▸ **Records provided**
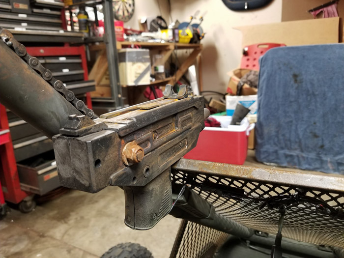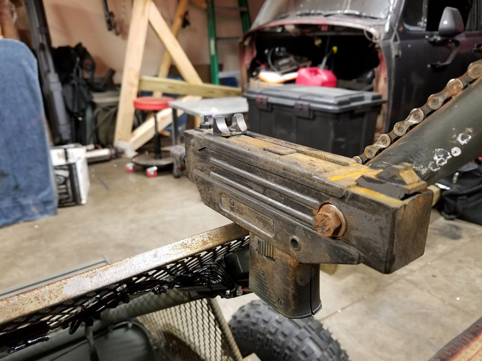 The airsoft components are two cheap UZI AEGs that were bought for US$20 each and given the rust treatment. Both are fired simultaneously with a switch that is mounted on the steering wheel and they work. So far most of the testing are inside his garage, we hopefully we get to see this in action next time.
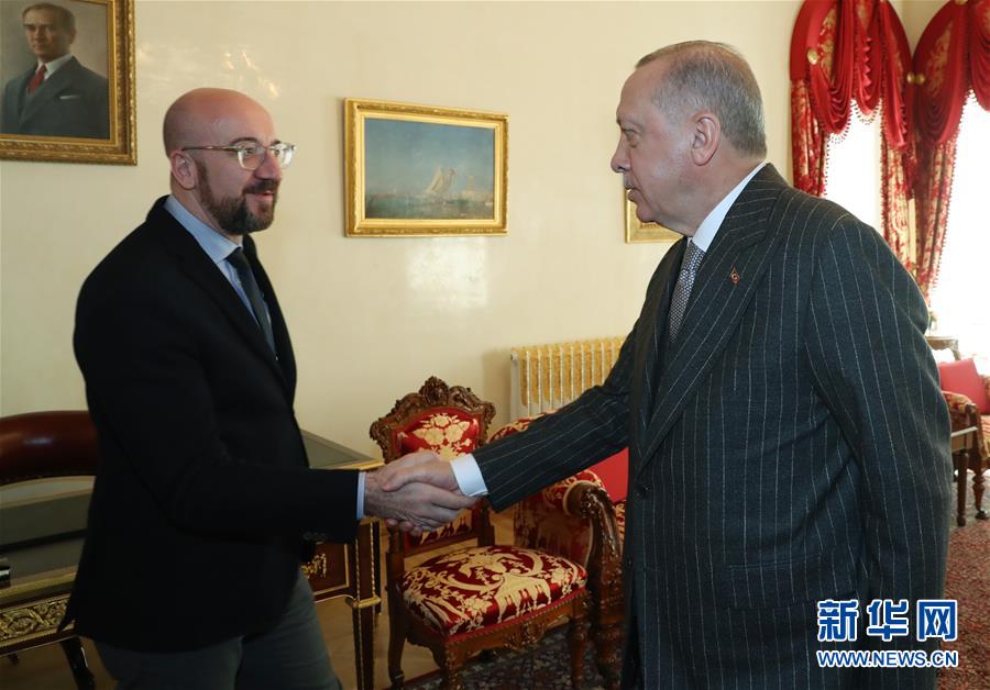 1月11日,土耳其总统埃尔多安(右)在伊斯坦布尔会见欧洲理事会主席米歇尔。 当日,土耳其总统埃尔多安在伊斯坦布尔会见欧洲理事会主席米歇尔,双方讨论了中东地区局势和土欧关系等问题。 新华社发(土耳其总统府供图)
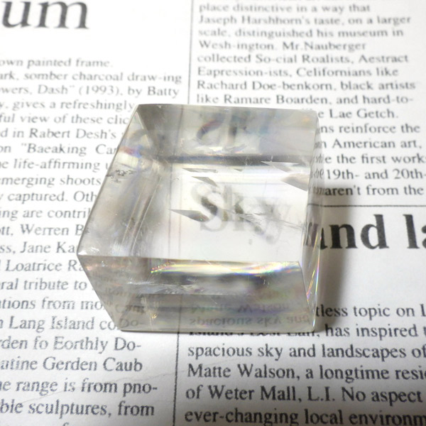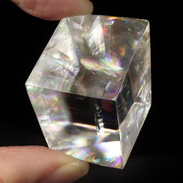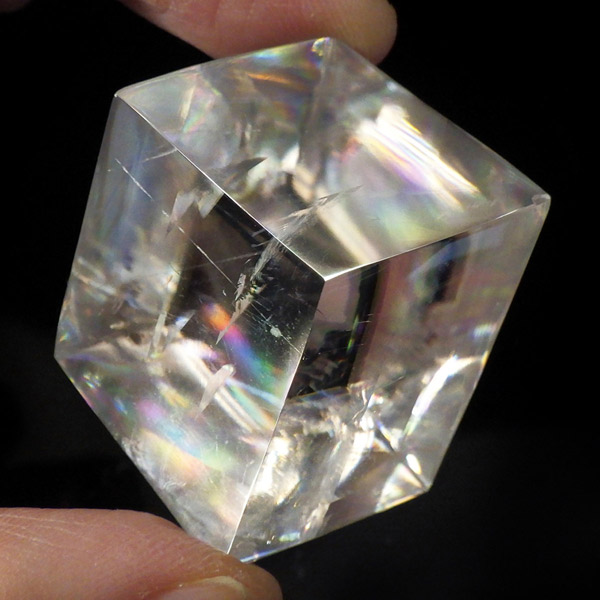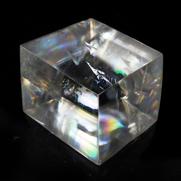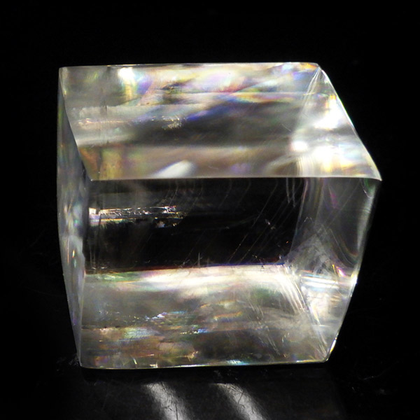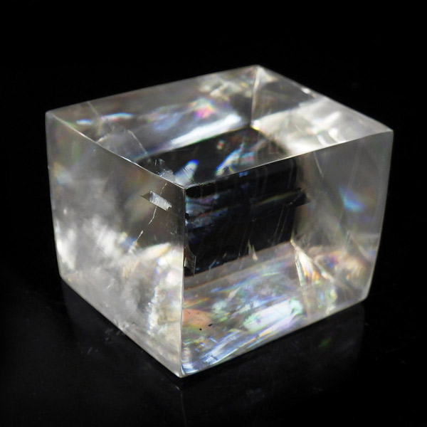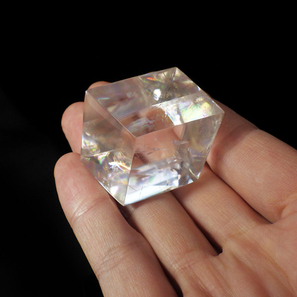 マダガスカル産のオプティカルカルサイトです。無色透明で良質のカルサイトのことをオプティカルカルサイトと呼びます。高い透明度を持ち、様々な角度からレインボーを見ることができます。複屈折という光学現象を持ち、文字の上に載せると二つにダブって見える「ダブリング(二重像現象)」のような現象を起こします。一定方向に向かって割れる劈開性によって平行四辺形の形になります。 他の産地のものよりマダガスカル産のオプティカルカルサイトはクラックが少なくきれいな印象です。
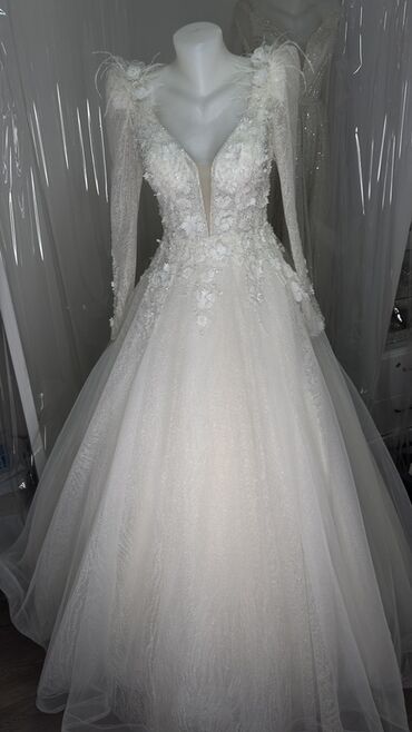 Gəlinlik – bal ziyafəti (A-line) silueti, uzun ətəkli, tül qatlı və parıltılı tekstura.
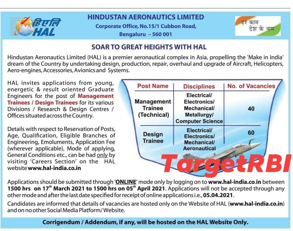 HAL Management Trainee Recruitment 2021: Hindustan Aeronautics Limited has released the Official notification to hire candidates for the post of Management Trainee. A total of 100 vacancies has been announced for HAL Management Trainee Recruitment 2021. Interested candidates can apply online for HAL Management Trainee Recruitment 2021 on or before 5th April 2021 on the official website @hal-india.co.in/.
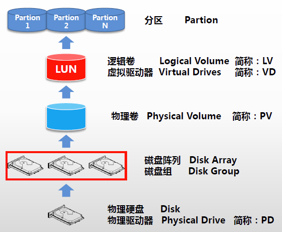 带区(Stripe):是指硬盘阵列当中物理硬盘上“同一位置”的一组条带的集合。
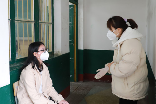 演练现场:班主任询问体温异常员工情况

▸ **What is needed**
In your reply, please print exactly the lines from the one with "マダガスカル産のオプティカルカルサイトで" through the final line of the listing above, both included, and no pictures.

▸ **Task answer**
 マダガスカル産のオプティカルカルサイトです。無色透明で良質のカルサイトのことをオプティカルカルサイトと呼びます。高い透明度を持ち、様々な角度からレインボーを見ることができます。複屈折という光学現象を持ち、文字の上に載せると二つにダブって見える「ダブリング(二重像現象)」のような現象を起こします。一定方向に向かって割れる劈開性によって平行四辺形の形になります。 他の産地のものよりマダガスカル産のオプティカルカルサイトはクラックが少なくきれいな印象です。
 Gəlinlik – bal ziyafəti (A-line) silueti, uzun ətəkli, tül qatlı və parıltılı tekstura.
 HAL Management Trainee Recruitment 2021: Hindustan Aeronautics Limited has released the Official notification to hire candidates for the post of Management Trainee. A total of 100 vacancies has been announced for HAL Management Trainee Recruitment 2021. Interested candidates can apply online for HAL Management Trainee Recruitment 2021 on or before 5th April 2021 on the official website @hal-india.co.in/.
 带区(Stripe):是指硬盘阵列当中物理硬盘上“同一位置”的一组条带的集合。
 演练现场:班主任询问体温异常员工情况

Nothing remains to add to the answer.